24/08/24 16:35:36 WARN NativeCodeLoader: Unable to load native-hadoop library for your platform... using builtin-java classes where applicable
Setting default log level to "WARN".
To adjust logging level use sc.setLogLevel(newLevel). For SparkR, use setLogLevel(newLevel).

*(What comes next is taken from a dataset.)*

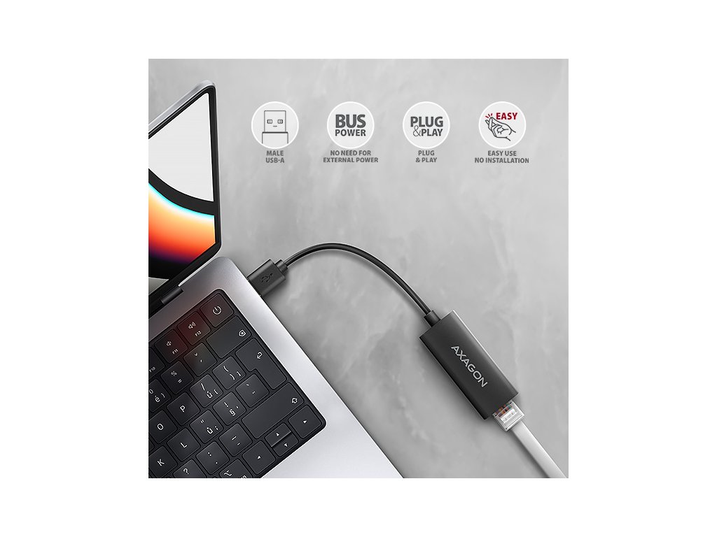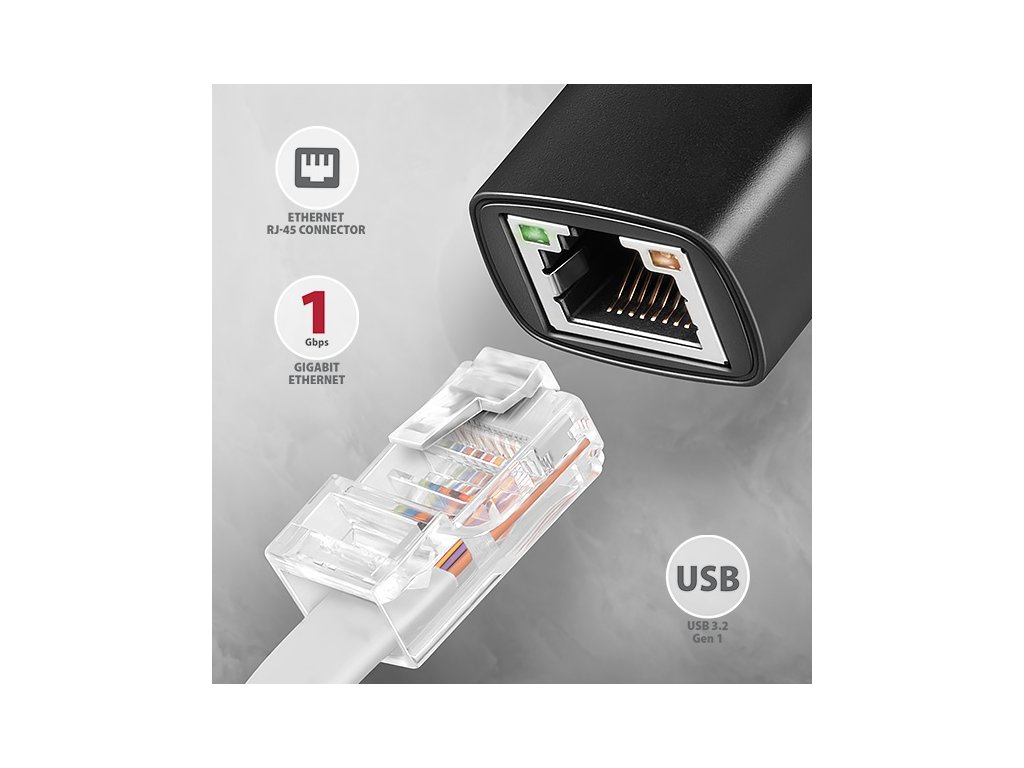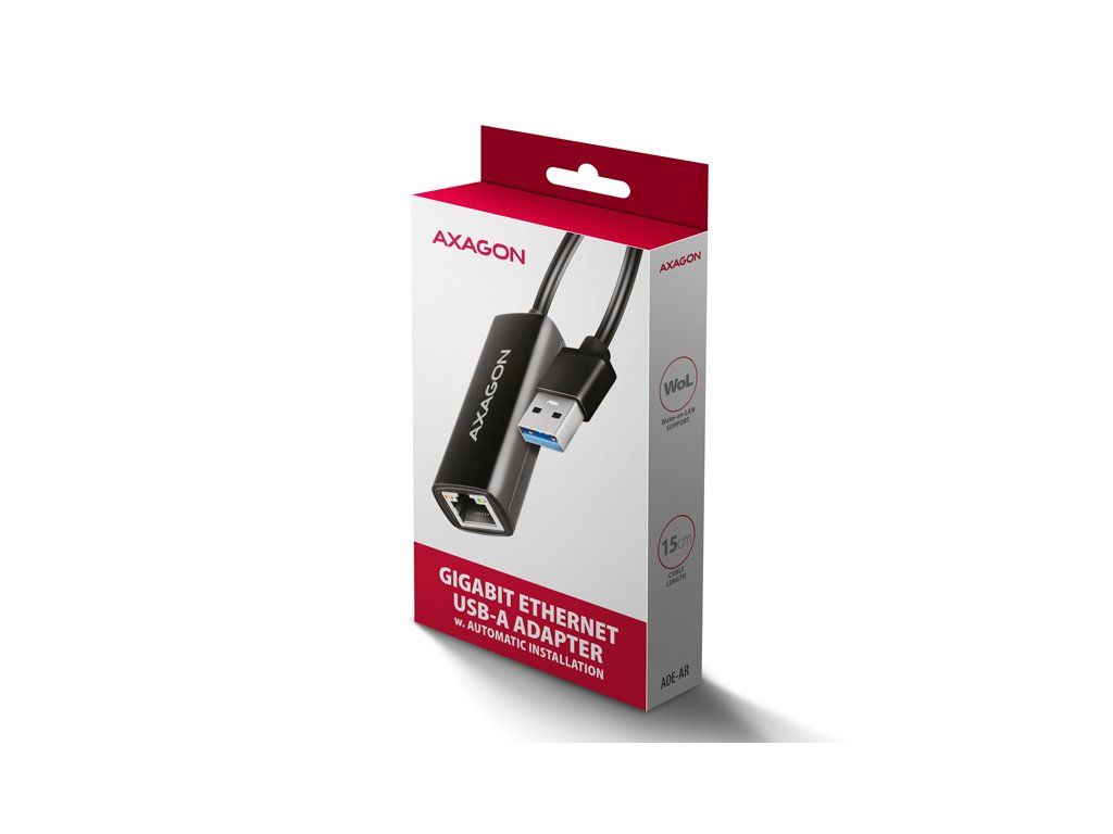 AXAGON ADE-AR, USB-A 3.2 Gen 1 - Gigabit Ethernet síťová karta, Realtek 8153, auto instal

24/08/24 16:35:54 WARN GarbageCollectionMetrics: To enable non-built-in garbage collector(s) List(G1 Concurrent GC), users should configure it(them) to spark.eventLog.gcMetrics.youngGenerationGarbageCollectors or spark.eventLog.gcMetrics.oldGenerationGarbageCollectors


## Setting up the test parquet file as a dataframe

In [4]:
df = spark.read.parquet("file:///home/iceberg/workspace/downloaded-data/yellow_tripdata_2024-01.parquet")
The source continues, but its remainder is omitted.